About 46 political parties took part in the elections. However, it was heavily contested by Cyril Ramaphosa of the ANC, Julius Malema of the EFF, and the Democratic Alliance candidate Mmusi Maimane. 22 924 voting stations were opened all over South Africa for electors to choose their political leaders.
AFRIC observation Missions on the continent
Association for Free Research and International cooperation (AFRIC) in recent times has been present in Africa to contribute its own quota to the growth of the continent in all spheres. One of its objectives is election observation, which permits its experts to monitor the electoral processes of countries in Africa and beyond, ensuring maximum transparency on the part of the election organsing bodies and political leaders, as well as electors’ reactions on polling day. Like any other observer group with a defined objective, AFRIC’S desire is to work for democracy, good electoral governance, peace and security through free and transparent elections. AFRIC has so far witnessed four major elections on the continent including the following.
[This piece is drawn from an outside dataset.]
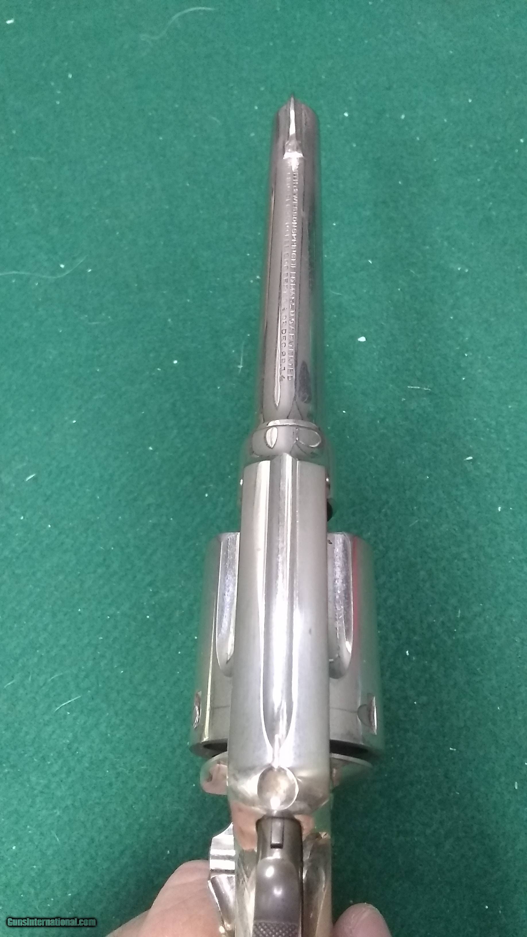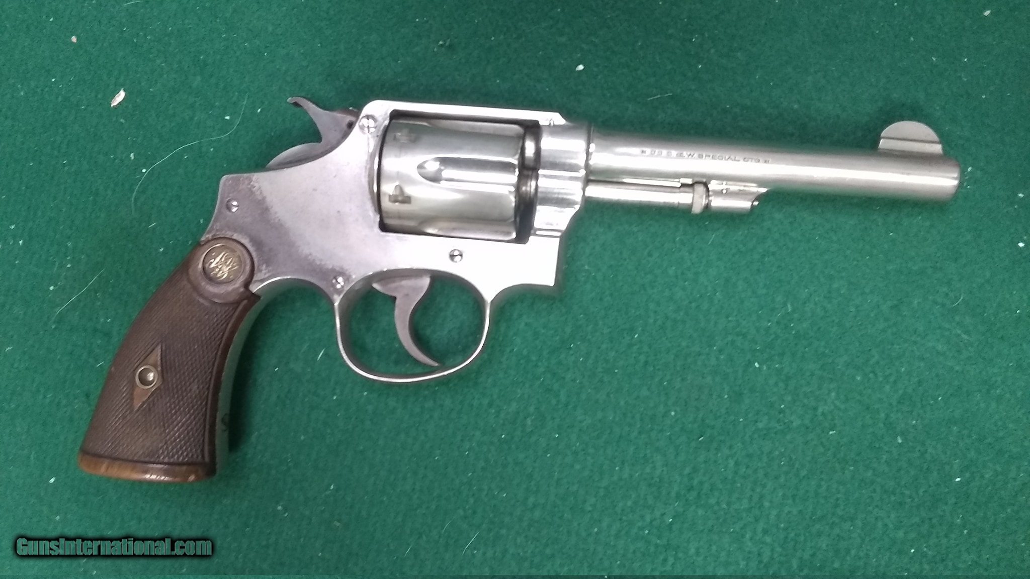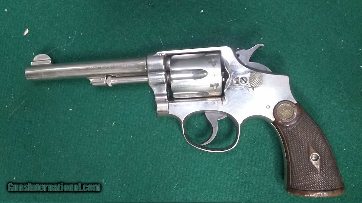 Description: Guns Listing ID: 334238 This classic Smith & Wesson Hand Ejector model is chambered in 38 spl. with a 5\" barrel and fixed sights. It has a nickel finish and walnut grip pannels. Lockup is outstanding and it has a good bore. The nickel finish shows wear on the right side of the frame near the grip. SOLD Manufacturer: SMITH & WESSON Model: hand ejector Caliber Info: .38 SPL Condition: Used - Non-Certified Barrels: 5 BARREL Finish: NICKEL |

Prior to the May 8, 2019 National and provincial elections, the Association for Free Research and International cooperation positively reacted to the invitation from the South African government to observe the historic polls. As such, AFRIC deployed a total of 20 observers from Africa, Europe and Asia to all the nine provinces which are Limpopo, KwaZulu-Natal, Gauteng, North West, Mpumlanga, Free State, Northern Cape, Eastern Cape and Western Cape. Thus, their presence in all parts of the national territory made them to come out with a precise and factual conclusion of how the voting process unfolded. Without being lopsided, the role played by AFRIC observer mission and other missions in the Republic of South Africa was highly commended by South Africa’s Independent Electoral Commission. The IEC stated ‘’observers, both domestic and International play a crucial role in ensuring that the 2019 National and Provincial Elections are transparent, free and fair, and that the outcome is accepted by voters, political parties and candidates.’’
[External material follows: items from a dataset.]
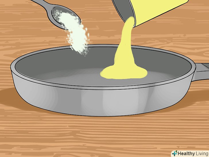 - Відміряйте 1 столову ложку (15 г) кукурудзяного крохмалю. Висипте кукурудзяний крохмаль в сотейник. [18]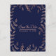 Cartão Postal De Anúncio Blue & Rose Gold Glam Botânico Salvar a Data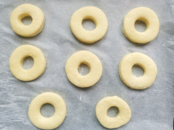 准备一个盘子,盘子内垫上一张防粘油纸,把做好的甜甜圈生胚放在油纸上,放的时候,距离要隔开一些,因为发酵的时候会膨胀,容易粘在一起

Statements from observer Groups
Maintaining neutrality, like other observer groups (AU, SADC etc.), AFRIC observers described the May 8 National and Provincial elections in South Africa as largely transparent, Free and fair. Clifftin Ellis, one of AFRIC’s coordinators said “What we’ve seen so far in these elections is a process that’s highly credible.” All the observer groups applauded the IEC for the high degree of professionalism in the organization of the polls. Head of the AU observer mission former Tanzanian president Kikwete noted that South Africa’s democracy has come of age, thus, affirming that South Africa is a model of democracy in Africa.
Even though, the electoral process was highly hailed, some lapses were equally noted by these observer groups including AFRIC.
-The youthful population did not fully engage in the electoral process. Reports revealed that over 6 million South African Youths did not register to vote.
-Some polling stations didn’t open on time
-malfunctioning of the scanner in some polling stations
In spite of the above challenges, the whole election process was void of violence or major incidents that could become a cause for concern. But disgruntled political parties have vowed to challenge the election results in court, something that has been highly appraised by the observer groups. As per AU observer head, challenging elections through a legal way shows a high level of maturity. About 26 million South Africans cast their ballots on Election Day.
The Political party that emerges victorious and occupies the largest seats in the country’s 400 member National Assembly, will intend elect a new president that will head the Southern African Nation for the next five years. The new government will have to deal with the recurrent xenophobic attacks which have tainted South Africa’s image and also tackle youth unemployment, among other things.
Since the end of apartheid in 1994, the African National Congress has been at the helm of the Republic of South Africa’s Presidency with Nelson Mandela as its first president. However, the party has witnessed a sharp drop in recent times due to the corruption scandal that rocked former president Jacob Zuma. This caused his abrupt resignation in 2018. Many thus see the 2019 polls as a test for the ruling party.